• WORK REQUIRED
In duplicating the lines below, keep every word unchanged and drop the pictures.

• Recorded data
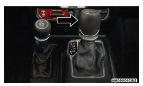
Transmission Gear Selector

The transmission gear selector provides PARK, REVERSE, NEUTRAL, and MANUAL (M) (AutoStick) shift positions. Manual shifts can be made using the AutoStick shift control. Toggling the gear selector forward (-) or rearward (+) while in the MANUAL (AutoStick) position (beside the DRIVE position), or tapping the shift paddles (+/-), (if equipped) will manually select the transmission gear, and will display the current gear in the instrument cluster ♀ page 11.
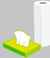
tissues, wet wipes & kitchen towels
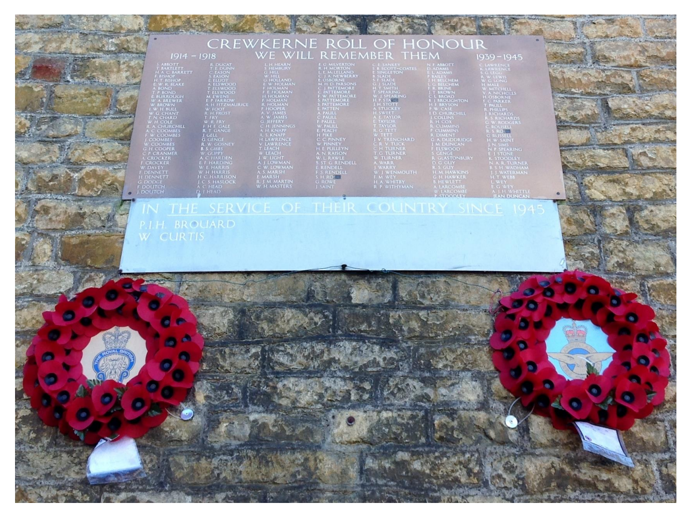
Crewkerne Memorial Plaque
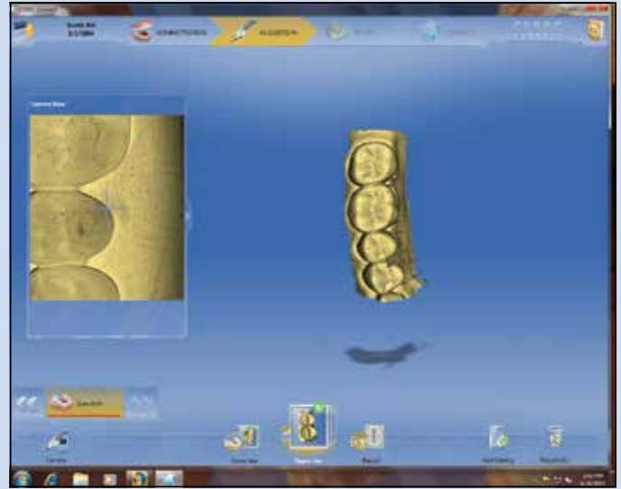
Completed opposing scan, press "Buccal" for buccal bite
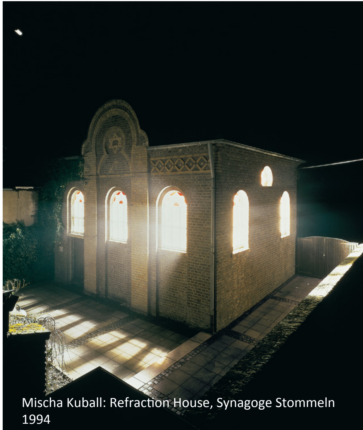
Mischa Kuball: Refraction House, Synagoge Stommeln 1994
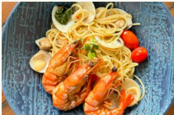
Spaghetti Seafood Aglio Olio $28 Squid | Clam | Prawn | Basil | Chilli | Garlic | Wine broth
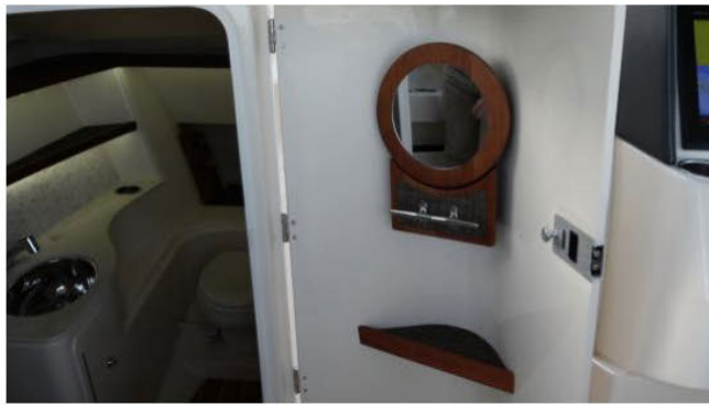
Mounted to the inside of the door is a mirror, an ornamental cleat that serves as a pull handle to close the door, and a small storage shelf.
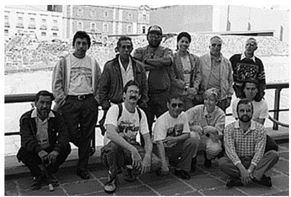
Participants visit the Plaza Mayor, Mexico

During the week of January 20-25 a group of 28 experts from Belize, Guatemala, Mexico and the United States met in Mexico City to help map out the future of the El Pilar Archaeological Reserve for Maya Flora and Fauna. Underwritten by the Ford Foundation, the meeting included representatives of the local villagers, archaeologists, government representatives, biologists, ecologists, community development planners, attorneys and conservators.
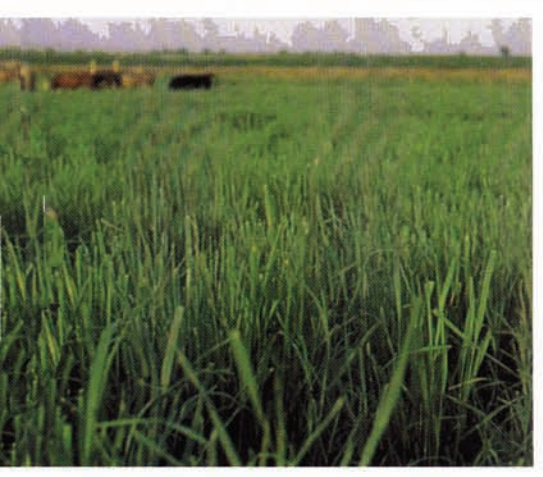
Tall grasses can be evenly grazed when grazing animals are controlled.

• SOLUTION FOR THIS EXERCISE
Transmission Gear Selector

The transmission gear selector provides PARK, REVERSE, NEUTRAL, and MANUAL (M) (AutoStick) shift positions. Manual shifts can be made using the AutoStick shift control. Toggling the gear selector forward (-) or rearward (+) while in the MANUAL (AutoStick) position (beside the DRIVE position), or tapping the shift paddles (+/-), (if equipped) will manually select the transmission gear, and will display the current gear in the instrument cluster ♀ page 11.
tissues, wet wipes & kitchen towels
Crewkerne Memorial Plaque
Completed opposing scan, press "Buccal" for buccal bite
Mischa Kuball: Refraction House, Synagoge Stommeln 1994
Spaghetti Seafood Aglio Olio $28 Squid | Clam | Prawn | Basil | Chilli | Garlic | Wine broth
Mounted to the inside of the door is a mirror, an ornamental cleat that serves as a pull handle to close the door, and a small storage shelf.
Participants visit the Plaza Mayor, Mexico

During the week of January 20-25 a group of 28 experts from Belize, Guatemala, Mexico and the United States met in Mexico City to help map out the future of the El Pilar Archaeological Reserve for Maya Flora and Fauna. Underwritten by the Ford Foundation, the meeting included representatives of the local villagers, archaeologists, government representatives, biologists, ecologists, community development planners, attorneys and conservators.
Tall grasses can be evenly grazed when grazing animals are controlled.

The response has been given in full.